By: Jonas Wedin and Roger Ostvold
Digital platforms are critical to the future success of Nordic companies because they generate new revenue streams. And add value to existing products to preserve and protect current sources of revenue. Yet although the region has some of the business world’s leading examples of digital platforms, too many companies are hesitating. Those that continue to do so risk falling so far behind, that catching up competitively may prove impossible.
Most executives believe that the future of business lies in the melding together of business, with industry lines continuing to blur. In fact, according to Accenture research, seventy percent of executives in the Nordics said that digital platforms will reshape industries into interconnected ecosystems. (See “Digital platforms: Our definition.”)
What, exactly, is meant by that? Consider how the music industry transformed through Spotify’s platform. Instead of a multitude of labels vying for distribution in a variety of channels, digital technology allowed the creation of one channel that brings together a variety of industry suppliers for a solution that’s better for the end user: music fans. But despite shining examples from the Nordic region like Spotify and others, too many companies are hesitating when it comes to adopting digital platforms.
For those that continue to hold off participating in these digital ecosystems, competitive risks abound: They’ll spend far too much money doing everything themselves instead of leveraging platforms. And, ultimately, rivals will create a competitive gap that may be impossible to close.
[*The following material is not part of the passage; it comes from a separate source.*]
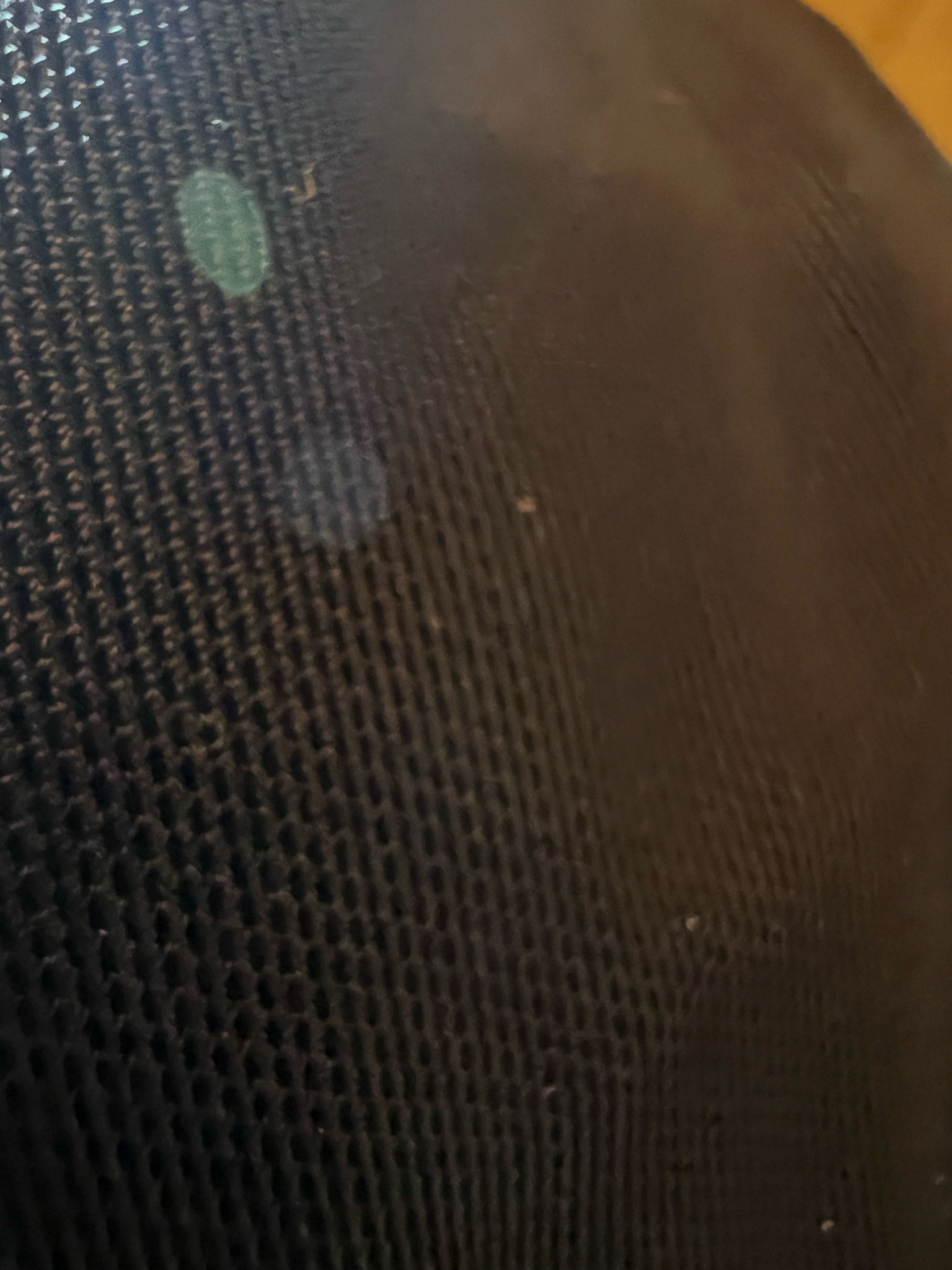 Stationary; caught in the weave of a mesh fabric. No signs of life or biological movement are visible.

What exactly is a digital platform? Our definition
People are talking about digital platforms, and many have different views of exactly what it entails. So here’s our definition:
“A digital platform brings together process, people, technology and information into a value network that provides consumers and businesses access to an extensive selection of products and services within and across multiple markets. By enabling multiple parties to engage in networked commerce, digital platforms create a multiplier effect, quickly increasing demand for products and services and generating additional value for various users along with the platform’s owner.”
Building your platform
Digital platforms serve as a critical point of intersection, bringing products and services together into a richer, more personalized experience, while creating value for both consumers and businesses. Platforms exist that respond to virtually any link of a company’s value chain.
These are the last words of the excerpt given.